Submit your findings to attribution engines like Kaspersky Threat Attribution Engine (KTAE) or MITRE ATT&CK. Compare the code structures, tactics, and infrastructure with known OceanLotus campaigns. In this case, KTAE linked the packages to OceanLotus. Look for common indicators: use of privacy-focused emails, similar dropper patterns, targeting of both Windows and Linux, and reliance on legitimate services for C2. Also check for overlaps with previously reported IOCs (IPs, domains, file hashes). This step helps confirm the threat actor and informs defensive actions.
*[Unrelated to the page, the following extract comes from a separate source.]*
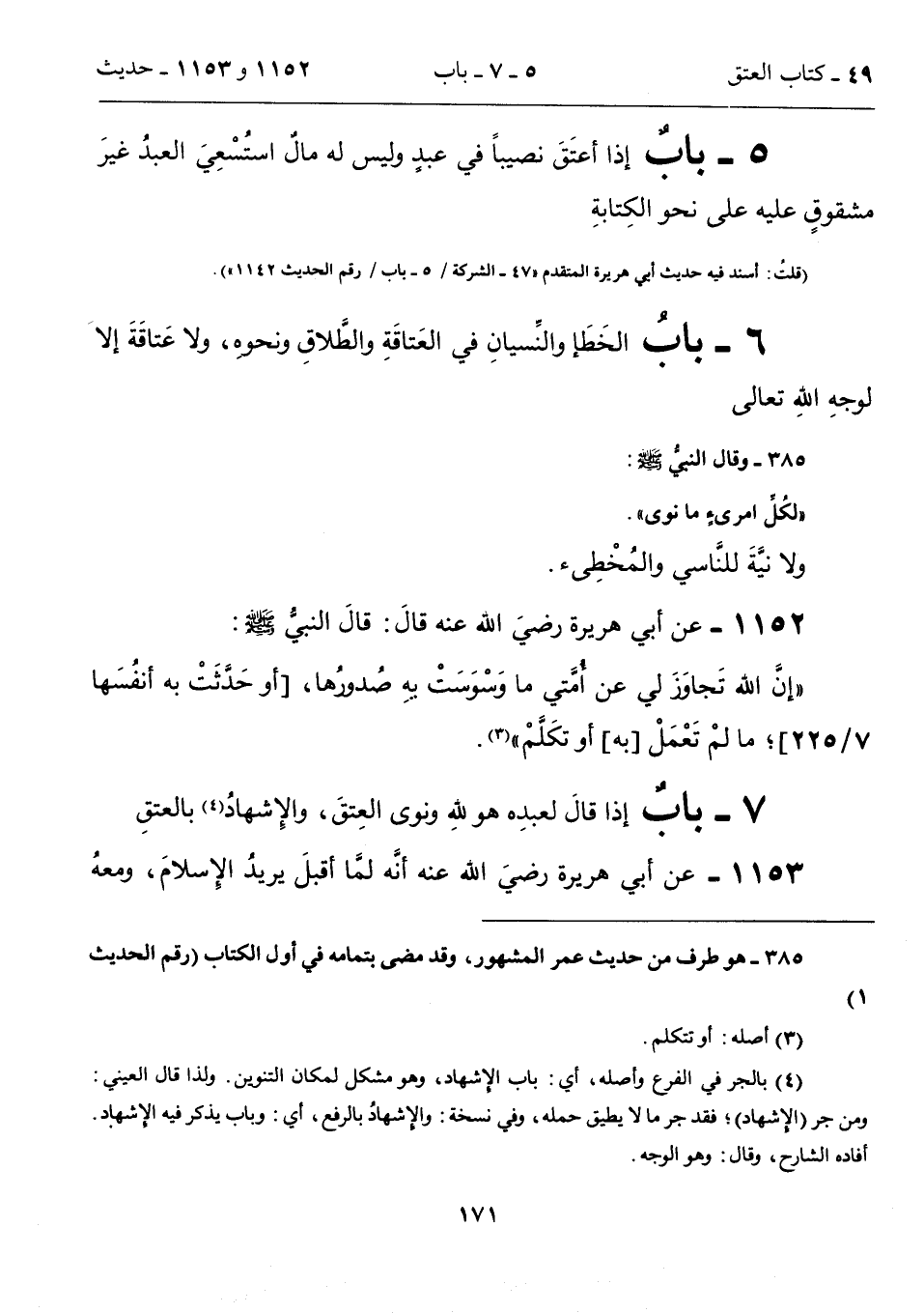 7 - بابٌ إذا قالَ لعبدِه هو للهِ ونوى العِتقَ، والإِشهادُ (4) بالعتقِ

Step 7: Implement Detection and Mitigation

Based on your analysis, develop detection rules. For PyPI packages, create YARA rules that flag packages containing shared libraries with specific strings (e.g., Zulip-related APIs). Set up monitoring for unusual DLL/so files in Python installation directories. Deploy network detection for Zulip API endpoints that are not normally used by internal applications. Consider blocking installation of packages from suspicious authors or email domains. For users, educate developers to verify package authenticity before pip install – especially when the package imitates a popular library. Implement supply chain security tools like pip-audit or use private package repositories with vetting processes.

Tips for Success

  • Always use an isolated environment when testing suspicious packages to avoid accidental infection.
  • Keep your threat intelligence feeds up to date – OceanLotus is known for evolving its techniques, so new variants may not use PyPI but other package repositories like npm or NuGet.
  • Leverage community reporting: if you discover malicious packages, report them to PyPI maintainers and share IOCs via platforms like VirusTotal or MISP. Prompt removal reduces exposure.
  • Monitor for dependencies: In this campaign, the attacker used a benign-looking package that depended on the malicious one. Check your requirements.txt for hidden dependencies.
  • Practice defense in depth: Since ZiChatBot uses legitimate APIs (Zulip), traditional C2 detection may fail. Combine behavioral detection (unexpected outbound connections to chat services) with static analysis.
  • Regularly audit your Python environment using tools like pip list and compare against known malicious hashes.
  • Understand the attackers’ intent: OceanLotus typically targets Southeast Asian entities. If your organization fits that profile, be extra vigilant.